Cemetery in Sydney, Australia

Woronora Memorial Park (often referred to as Woronora Cemetery) is a cemetery in Woronora, Sydney, Australia.

==History==
Woronora Cemetery was established in 1895 with the first burial on 2 April 1895. In 1902 the Devonshire Street Cemetery was closed to make way for Central railway station and some graves were relocated to Woronora. The first cremation occurred in April 1934.
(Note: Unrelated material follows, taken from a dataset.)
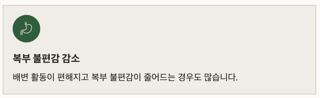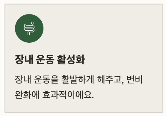 장내 운동을 활발하게 해주고, 변비 완화에 효과적이에요.

The cemetery is managed by Southern Metropolitan Cemeteries NSW (officially "Southern Metropolitan Cemeteries Land Manager"), consisting of Woronora Memorial Park and Eastern Suburbs Memorial Park, which replaced the Woronora Memorial Park Trust upon gazettal on 3 August 2012.

==Crematorium==
The original crematorium building, incorporating two chapels and a dual-furnace crematory, was completed in 1934 in the Inter-war Art Deco style by architect Louis Leighton Robertson of Louis S. Robertson & Son, architects, and built by Norman R. Smith, builder of Bexley. Robertson also designed crematoriums in a similar style at Matraville (1938), Kembla Grange (1955), and Beresfield (1936). The crematorium was officially opened on 21 April 1934 by the Colonial Secretary, Frank Chaffey.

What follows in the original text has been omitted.